Mr. Taylor countered by saying, “You can’t train a horse when you spend more time in a bar than at the barn.”
Mrs. Hill said the suit was settled.
Mr. Turner — whose horses won 533 races out of 4,314 started, according to the Equibase website — trained other successful horses. One of them, Play On, finished second in the Preakness Stakes and fourth in the Belmont Stakes in 1984.
Overall, Mr. Turner’s horses earned $17.5 million.
A GoFundMe page that was posted on Dec. 27 had raised nearly $40,000 for Mr. Turner’s medical and living costs.
Mr. Turner met Patti Rich, a former exercise rider and jockey, at an Alcoholics Anonymous meeting in 1988, and they married three years later. His two previous marriages had ended in divorce. In addition to his wife, he is survived by a daughter, Nelle Durizch, from his first marriage; a son, Liam, from his second marriage; and four grandchildren.

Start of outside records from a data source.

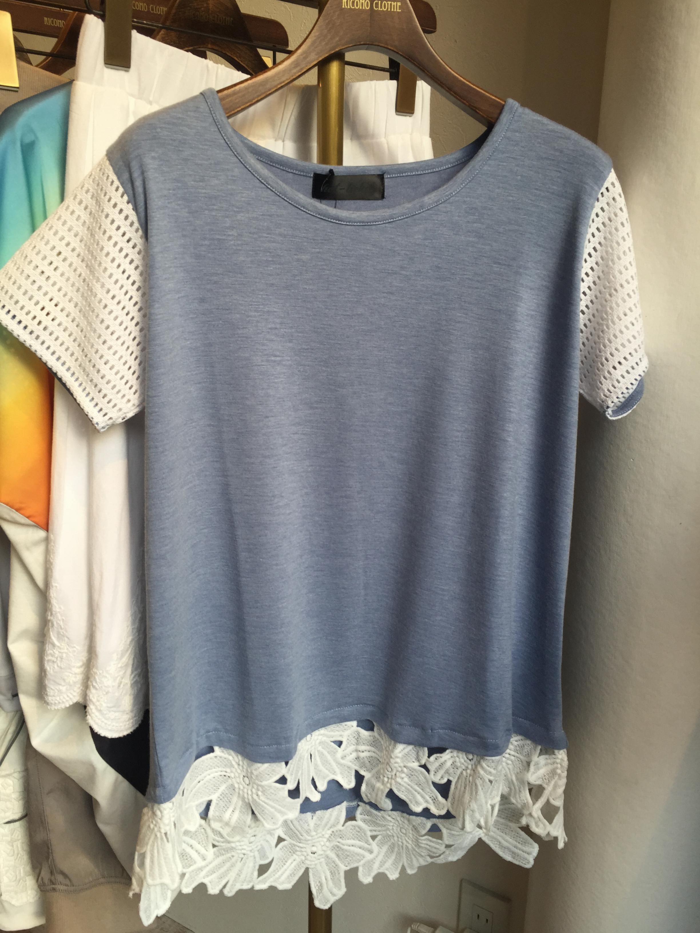 裾レースのプルオーバー 6900円 裾にレース、袖はメッシュという今年らしい一枚です デコルテの開きやヒップが隠れるデザインなので、普段の着こなしに一枚で楽チンなスタイルですよん 山崎範子 2015年5月14日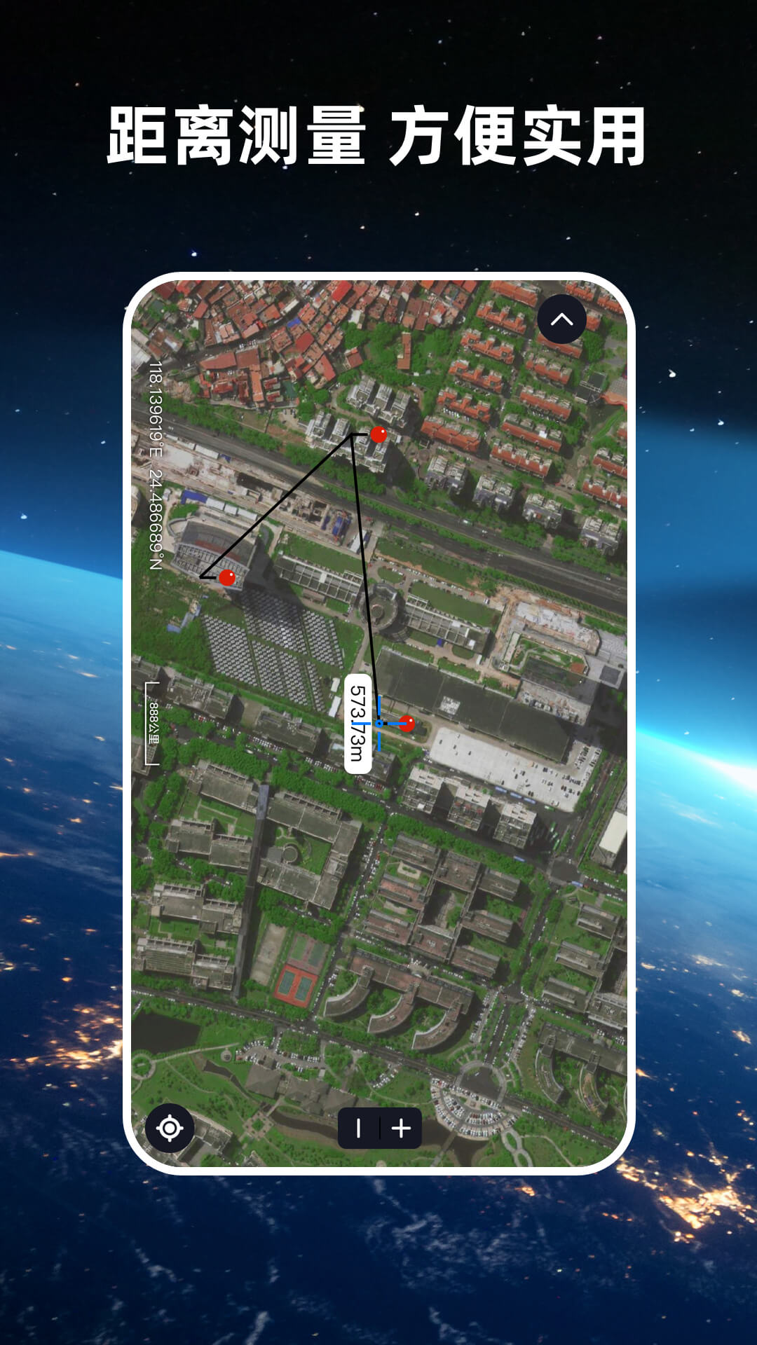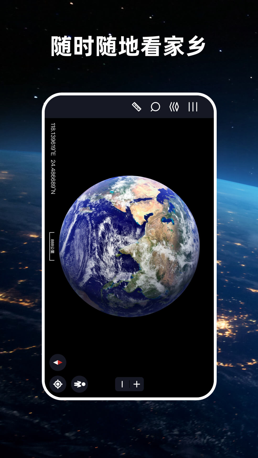 航路地球横版在界面设计上独具匠心,除了展示精美的3D地球外,还能实时显示当前位置的经纬度信息和地图比例尺。操作方面,应用提供了直观的放大缩小按钮,以及指南针功能帮助您快速定位正北方向。实用的测距功能让您可以轻松测量任意两点之间的距离,为出行规划提供便利。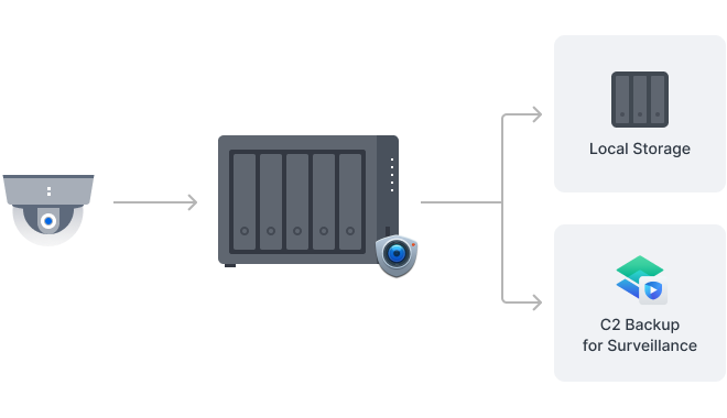 Proteja suas imagens de vigilância com um backup em nuvem robusto que suporta criptografia de ponta a ponta. Nossa solução de backup de vigilância em nuvem protege suas gravações do Surveillance Station, permitindo que você acesse, visualize, compartilhe e baixe as imagens por meio de um portal web conveniente. Garanta que seus dados permaneçam disponíveis mesmo que seu sistema local seja comprometido.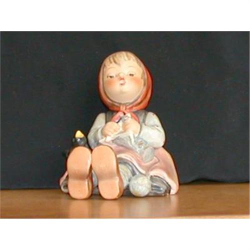 Doesn't this one call to you! This figurine is called "Happy Pastime". She measures approx. 3 1/4" in height and is a TMK-5. This figurine was modeled by master sculptor Arthur Moeller. This little girl is wearing a black and pink outfit and has a red kerchief on her head. She appears to be knitting! The bottom of the base does have some crazing but the figurine is in excellent condition. Appraisal priced at $225.00.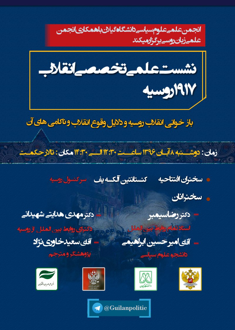 انجمن علمی علوم سیاسی دانشگاه گیلان با همکاری انجمن علمی زبان روسی دانشگاه گیلان در تاریخ ۱۳۹۶/۰۸/۰۸ (روز دوشنبه) ساعت ۱۲:۳۰ الی ۱۴:۳۰ در تالار حکمت دانشکده انسانی،نشستی علمی تخصصی در رابطه با انقلاب ۱۹۱۷ روسیه برگزار کردند. از موضوعات این نشست می توان به بازتاب ایدئولوژی و انقلاب روسیه در هنر اتحاد جماهیر شوروی، آرمان شهر مردمان روس و همراهی هویت و فرهنگ راهبردی، مشکلات پیرامون حکومت تزاری و دلایل وقوع انقلاب انقلاب اکتبر و ره آوردها و افق های فراسو اشاره کرد. سخنرانان این نشست ۱)دکتر رضا سیمبر(استاد تمام روابط بین الملل) ۲)دکتر مهدی هدایتی شهیدانی(دکترای روابط بین الملل از روسیه) ۳)امیرحسین ابراهیمی(دانشجوی علوم سیاسی دانشگاه گیلان) ۴)سعید خاوری نژاد(پژوهشگر و مترجم آثار روسی) در این برنامه اساتید و دانشجویان رشتهء علوم سیاسی و زبان روسی و سایر رشته های دانشگاه گیلان حضور داشتند.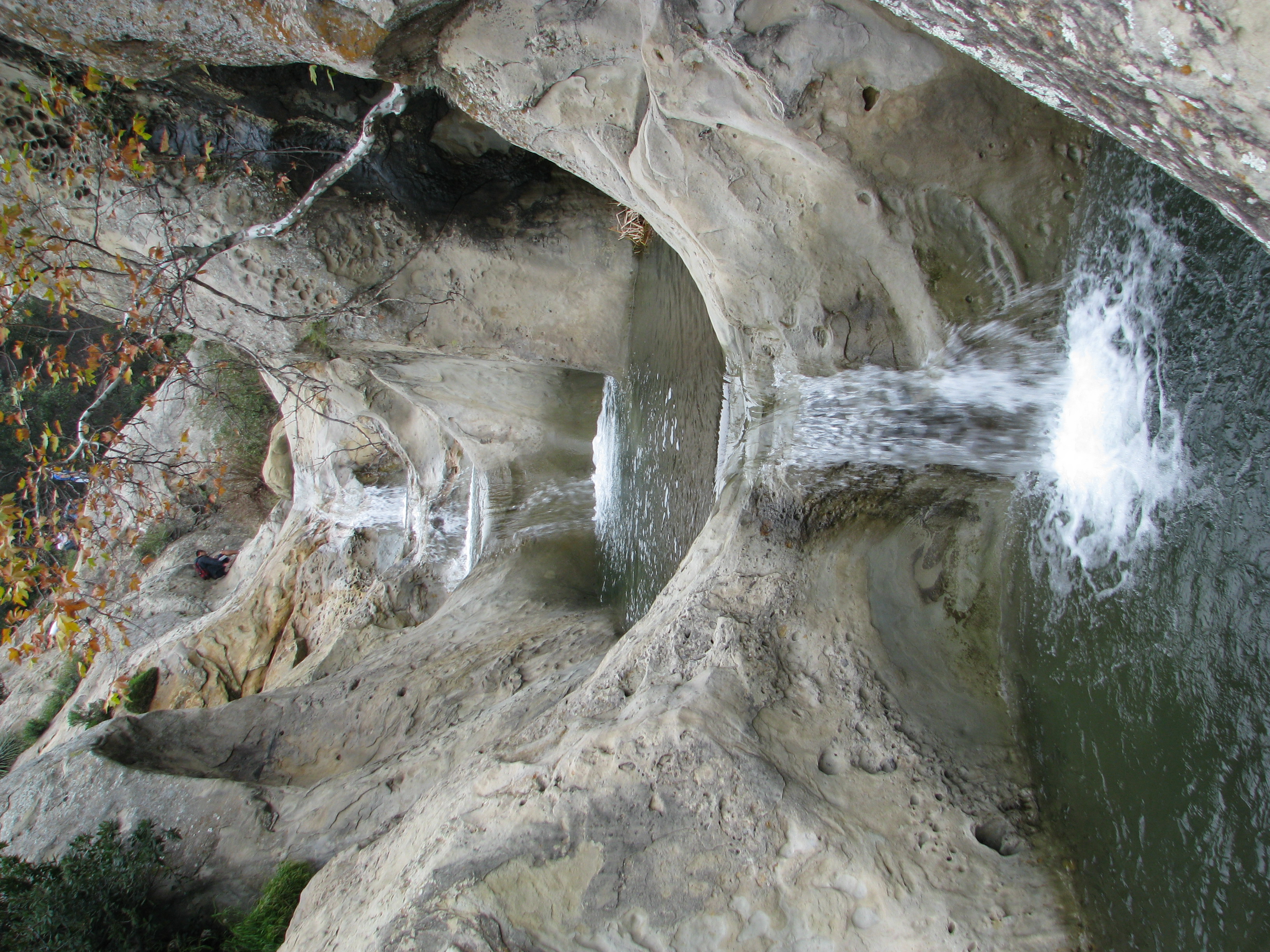 There is no official trail, however enough people hike upstream to the falls that there is a trail to be found part of the way. If you lose the trail, not to worry as it’s less than half a mile to the falls from here. The falls are easy to recognize, as they are a captivating series of pools carved in the sandstone by the creek.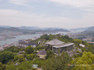 Auf einer kleinen Insel mitten in Hiroshima liegt der Friedenspark. An dieser Stelle detonierte am 6. August 1945 in 580 Metern Höhe die Little Boy, die erste Atombombe, und legte die Stadt in Schutt und Asche. Der Atombomben-Dom, früher ein Gebäude der Industrie- und Handelskammer, lässt das Ausmaß der Zerstörung erahnen. Im Park steht neben einem Museum noch ein Kenotaph mit den Namen der Opfer der Bombe, und eine Gasflamme, die erst erlöschen wird, wenn es keine Atombomben mehr auf der Welt gibt. Ein Denkmal erinnert an das Schicksal der kleinen Sasaki Sadako. Sie überlebte die Explosion, aber ein Jahr später erkrankte sie an Leukämie. Ein Brauch hier lautet, dass die Götter einen Wunsch erfüllen, wenn man 1000 Papierkraniche faltet. Sadako faltete die Kraniche, aber erlag dann doch ihrer Krankheit. Bis heute falten Schüler aus allen Teilen Japans lange bunte Papierkranich-Ketten als Symbol für den Frieden, welche hier (und an einem Denkmal in Nagasaki) aufgehängt werden.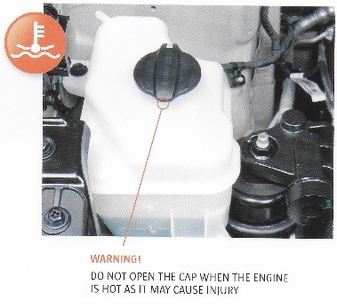 WARNING: Never open this container while the engine is hot as the fluid inside will be at boiling point and could cause serious injury.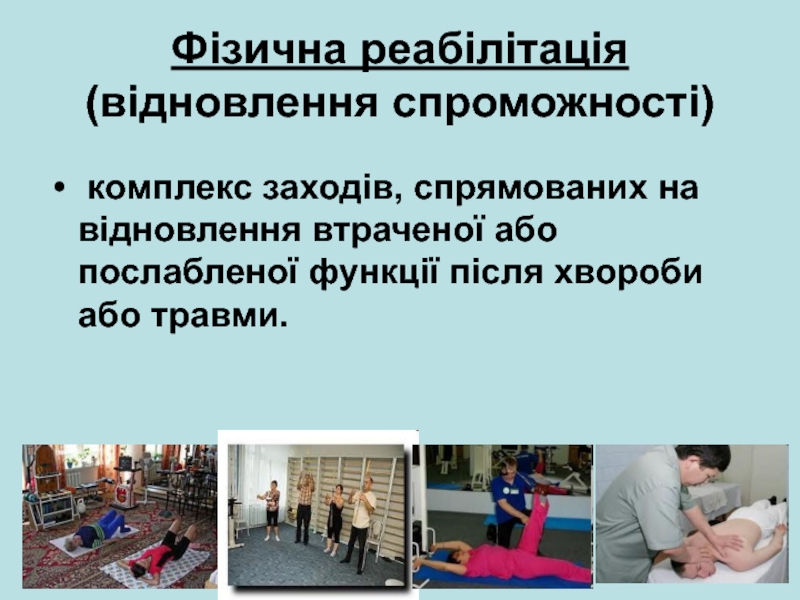 Слайд 15Фізична реабілітація (відновлення спроможності)

In 2010, after Mr. Turner’s name did not appear on the list of nominees for the National Museum of Racing’s Hall of Fame, Paul Moran, a columnist at ESPN.com, made the case for his inclusion in the Hall. Mr. Turner hasn’t been on list of finalists in at least a decade.
“Turner is somewhat milder than low-key and would never say this about himself,” Mr. Moran wrote, “but no American trainer living or dead not already in the Hall of Fame deserves induction more than the trainer of Seattle Slew, Czaravich, Gaviola, Punch Line and many other stakes winners.”